## TASK TO CARRY OUT
Set down, word for word, every line of the material below from the one containing "具體內(nèi)容有:百人快" through the one containing "개화전 방제 안내문 |", but none of its pictures.

───── RECORD EXCERPTS ─────

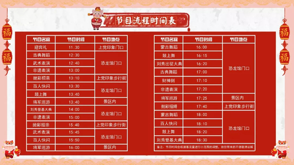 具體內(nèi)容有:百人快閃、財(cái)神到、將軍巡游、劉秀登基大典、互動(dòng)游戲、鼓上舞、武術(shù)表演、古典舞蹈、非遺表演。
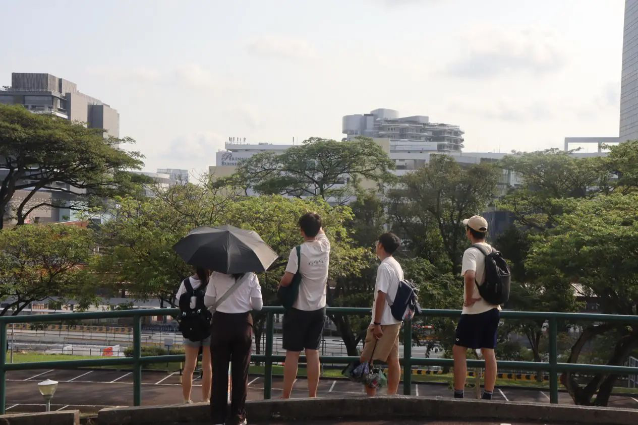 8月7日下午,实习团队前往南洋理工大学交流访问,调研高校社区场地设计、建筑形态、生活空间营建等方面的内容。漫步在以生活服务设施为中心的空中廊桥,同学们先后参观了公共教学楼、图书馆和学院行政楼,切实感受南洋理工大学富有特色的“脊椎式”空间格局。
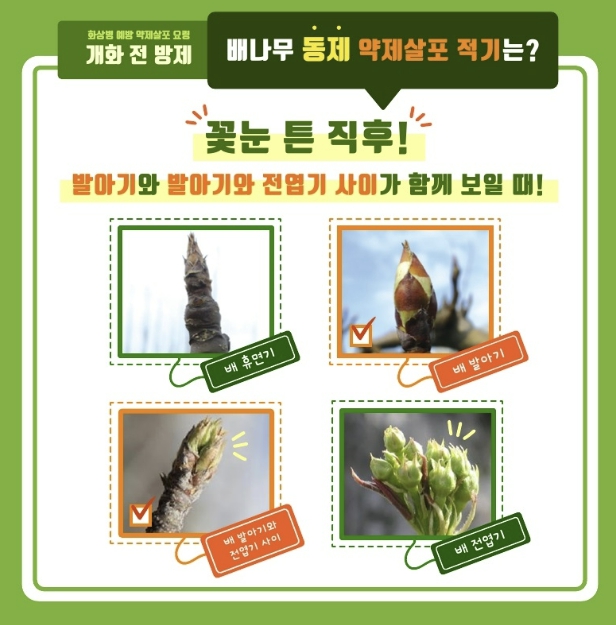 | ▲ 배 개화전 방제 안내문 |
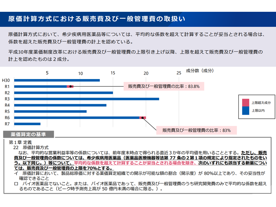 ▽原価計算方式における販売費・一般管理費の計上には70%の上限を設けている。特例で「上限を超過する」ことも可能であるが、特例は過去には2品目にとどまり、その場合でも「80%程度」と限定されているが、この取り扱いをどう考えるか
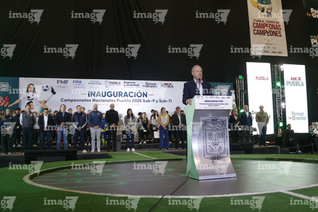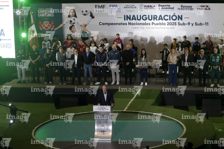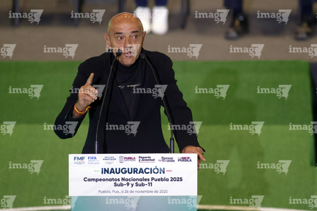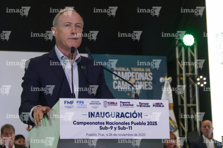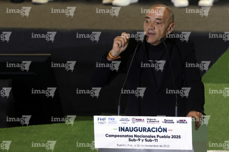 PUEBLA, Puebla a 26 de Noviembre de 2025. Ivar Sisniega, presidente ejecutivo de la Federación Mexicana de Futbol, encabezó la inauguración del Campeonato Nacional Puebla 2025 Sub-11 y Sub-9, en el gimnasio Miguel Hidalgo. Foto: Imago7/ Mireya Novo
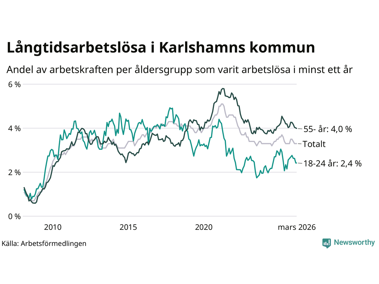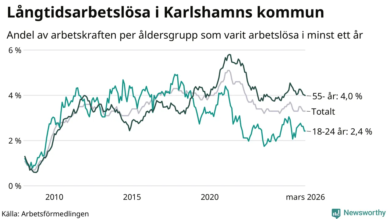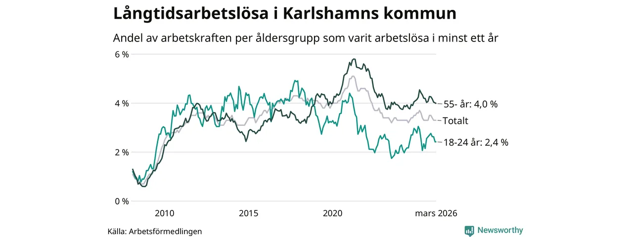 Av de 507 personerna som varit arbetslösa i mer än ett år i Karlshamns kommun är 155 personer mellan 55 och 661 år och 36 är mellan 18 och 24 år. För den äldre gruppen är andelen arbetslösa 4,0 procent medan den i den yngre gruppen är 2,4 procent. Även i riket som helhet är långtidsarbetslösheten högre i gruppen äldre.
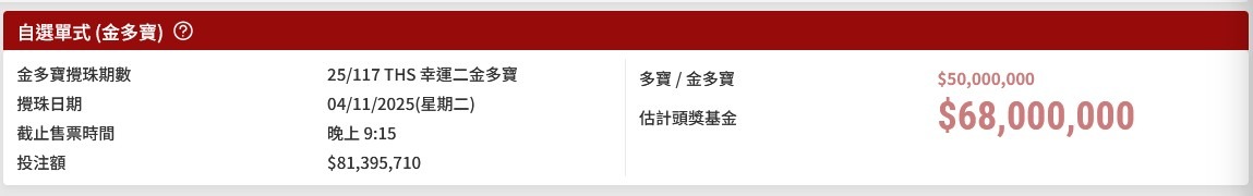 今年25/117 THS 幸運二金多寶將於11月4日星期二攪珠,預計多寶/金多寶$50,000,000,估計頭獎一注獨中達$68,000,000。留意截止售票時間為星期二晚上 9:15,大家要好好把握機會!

─────
───── RECORD EXCERPTS ─────

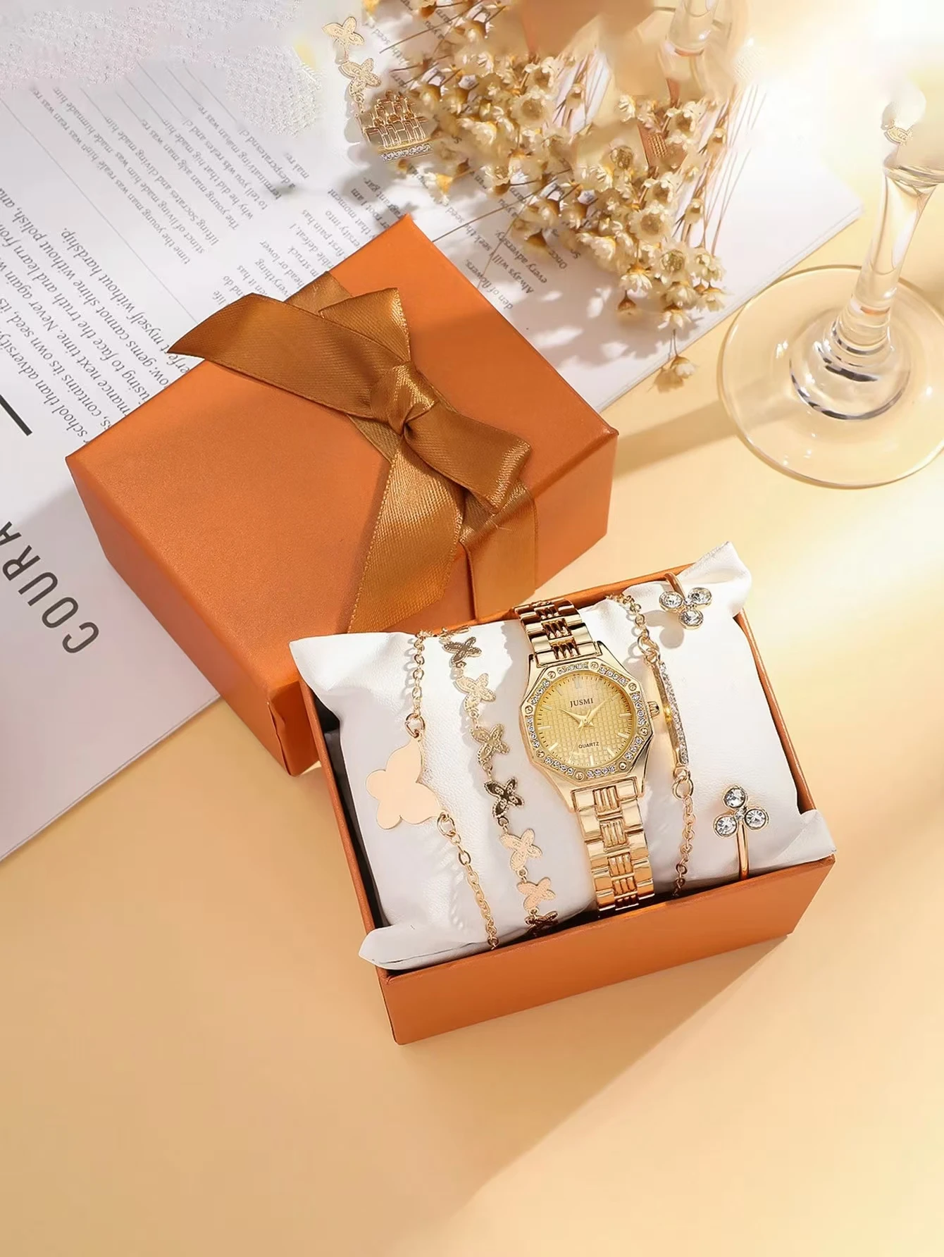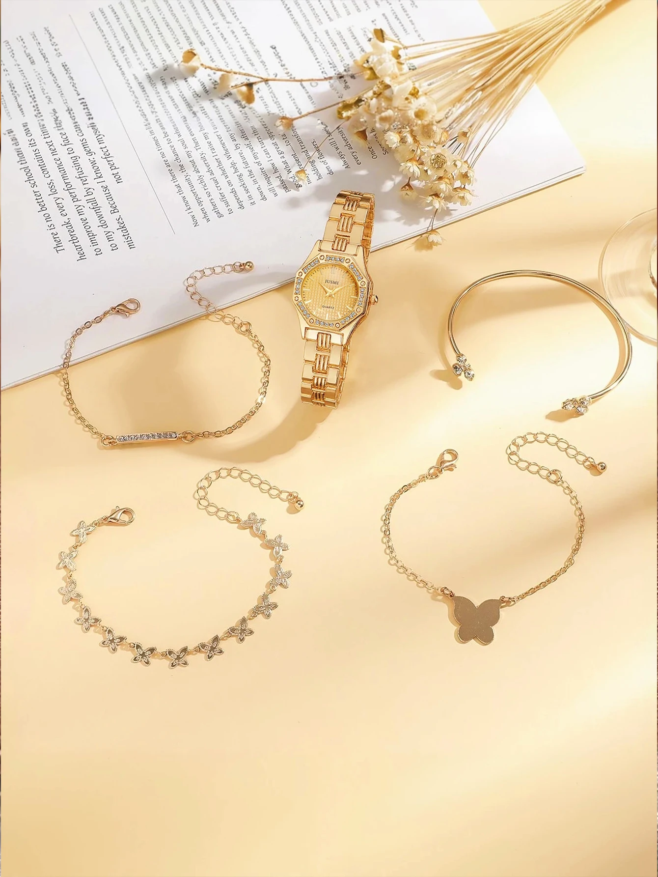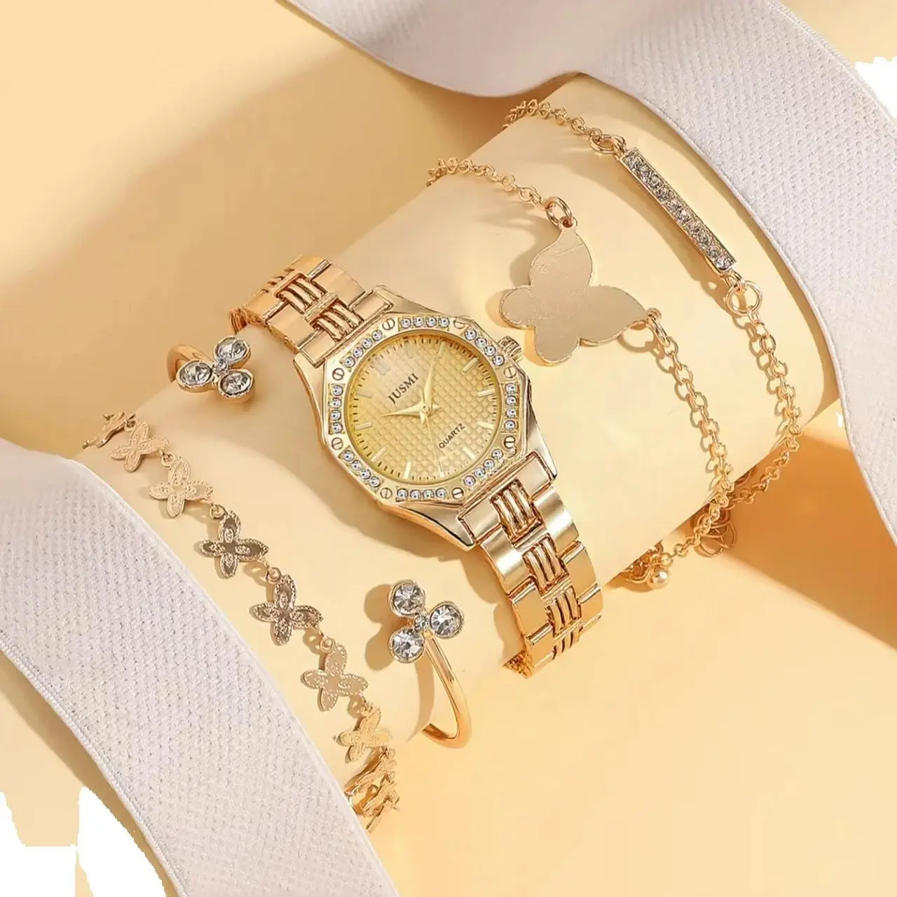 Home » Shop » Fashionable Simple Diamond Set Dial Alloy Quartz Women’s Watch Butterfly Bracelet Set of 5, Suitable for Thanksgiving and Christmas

─────
───── RECORD EXCERPTS ─────

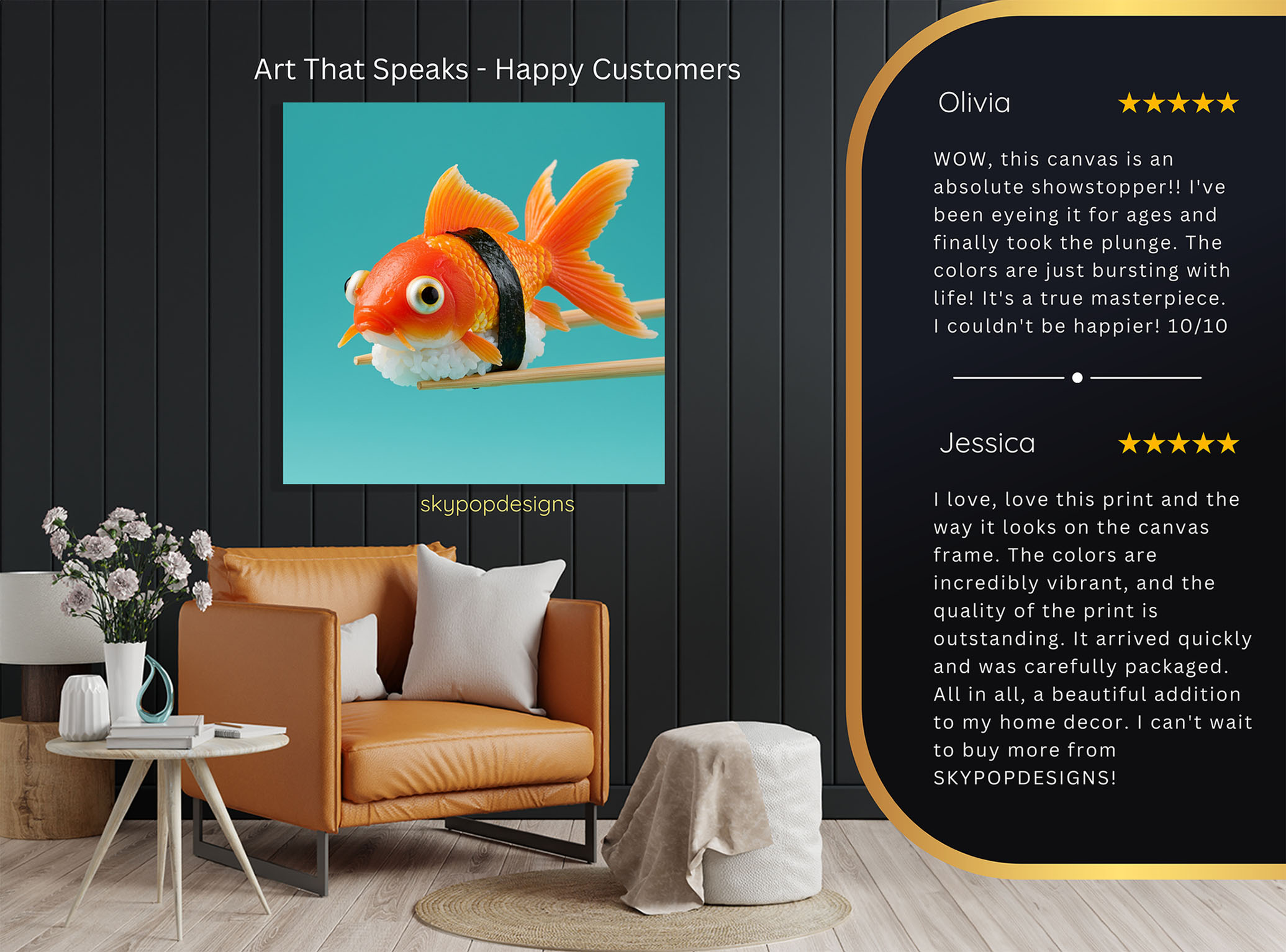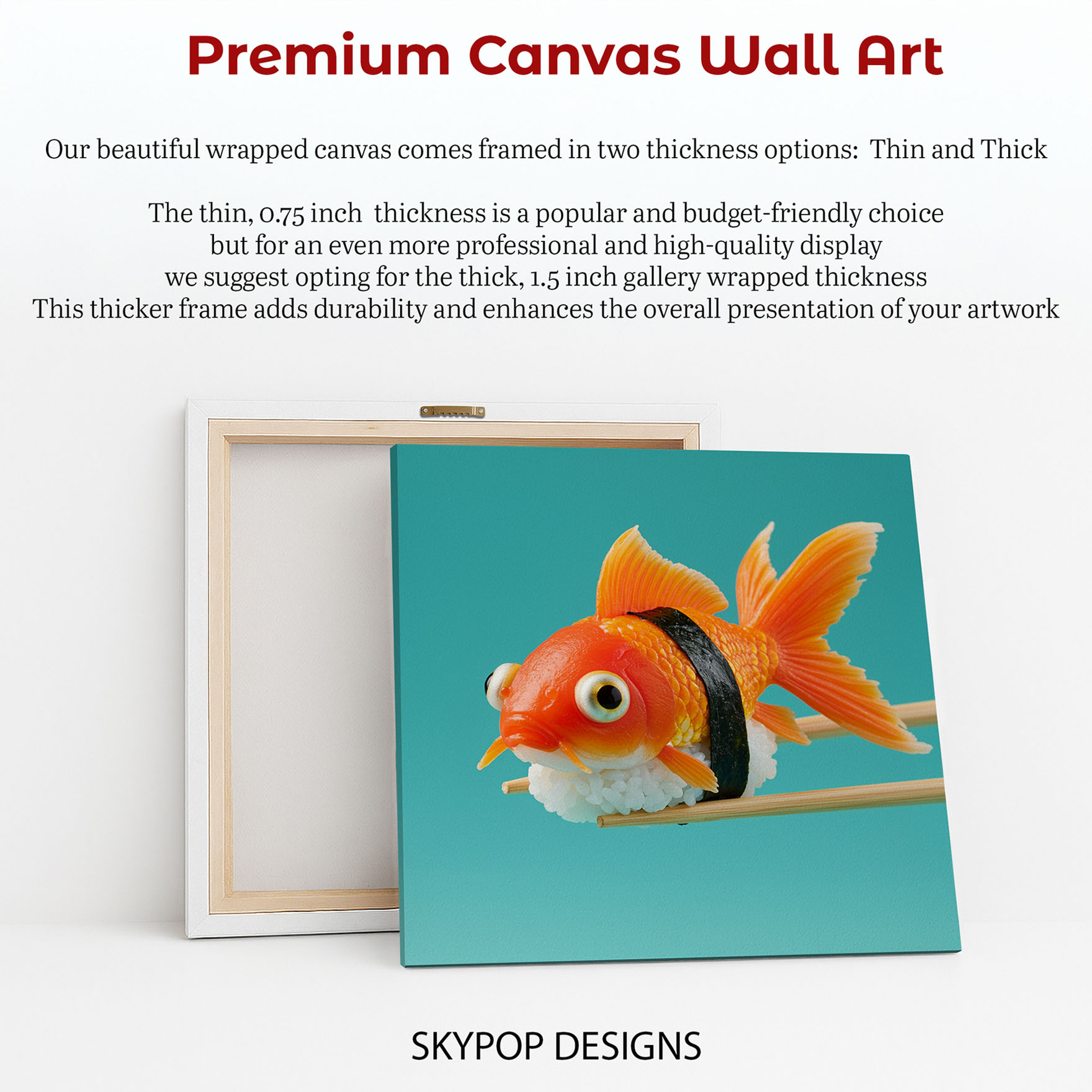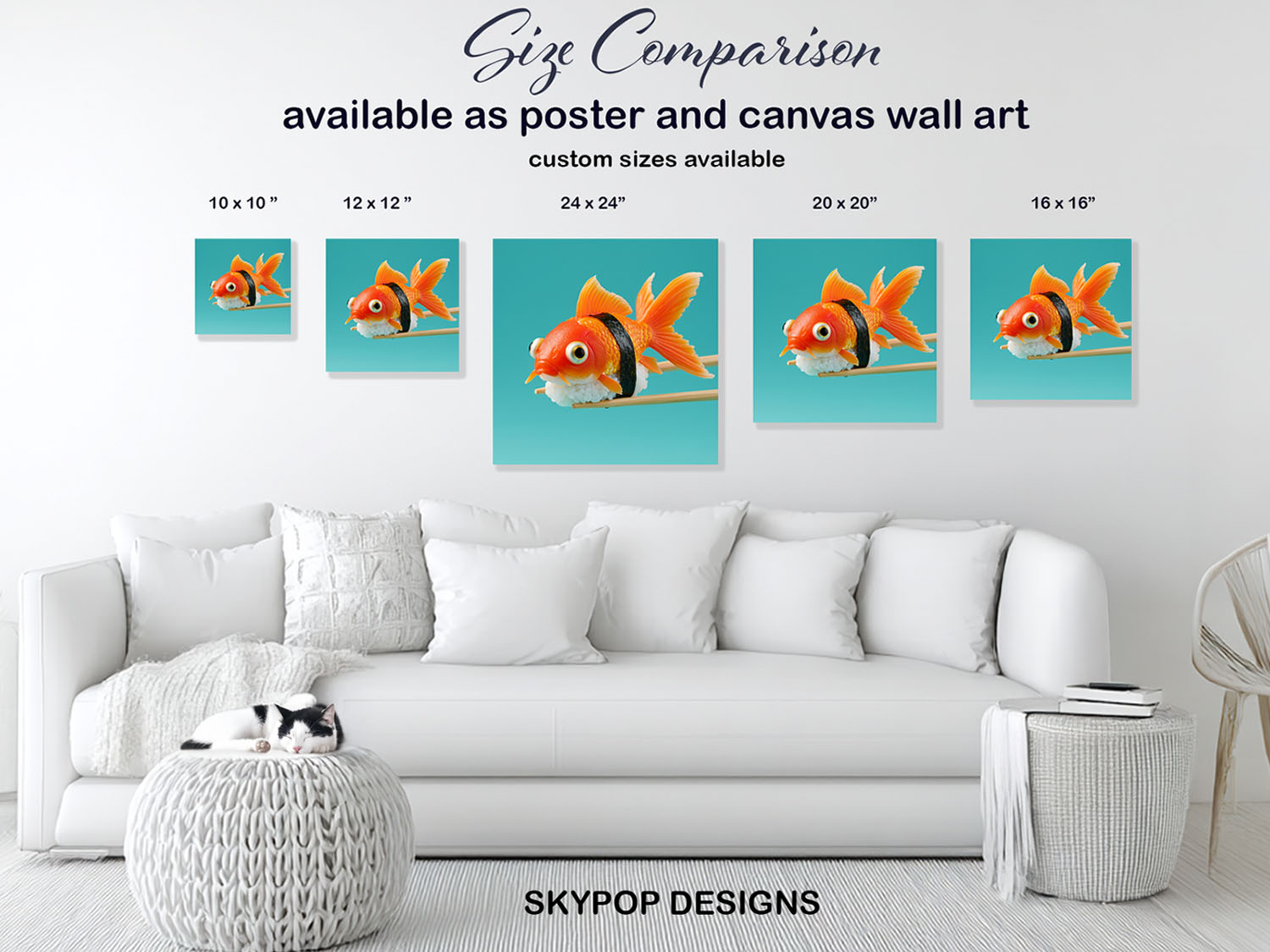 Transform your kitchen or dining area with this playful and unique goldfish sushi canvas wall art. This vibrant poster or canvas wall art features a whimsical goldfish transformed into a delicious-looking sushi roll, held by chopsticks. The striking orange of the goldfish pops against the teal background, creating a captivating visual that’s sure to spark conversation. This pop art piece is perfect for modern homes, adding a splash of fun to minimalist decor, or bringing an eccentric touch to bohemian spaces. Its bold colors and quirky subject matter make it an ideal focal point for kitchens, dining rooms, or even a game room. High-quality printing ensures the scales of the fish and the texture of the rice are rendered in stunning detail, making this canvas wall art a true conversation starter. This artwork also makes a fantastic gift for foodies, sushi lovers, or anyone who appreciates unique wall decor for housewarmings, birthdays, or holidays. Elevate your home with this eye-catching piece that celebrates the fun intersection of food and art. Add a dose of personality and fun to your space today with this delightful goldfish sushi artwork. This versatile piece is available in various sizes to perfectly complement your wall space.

─────

## WRITTEN SOLUTION
 具體內(nèi)容有:百人快閃、財(cái)神到、將軍巡游、劉秀登基大典、互動(dòng)游戲、鼓上舞、武術(shù)表演、古典舞蹈、非遺表演。
 8月7日下午,实习团队前往南洋理工大学交流访问,调研高校社区场地设计、建筑形态、生活空间营建等方面的内容。漫步在以生活服务设施为中心的空中廊桥,同学们先后参观了公共教学楼、图书馆和学院行政楼,切实感受南洋理工大学富有特色的“脊椎式”空间格局。
 | ▲ 배 개화전 방제 안내문 |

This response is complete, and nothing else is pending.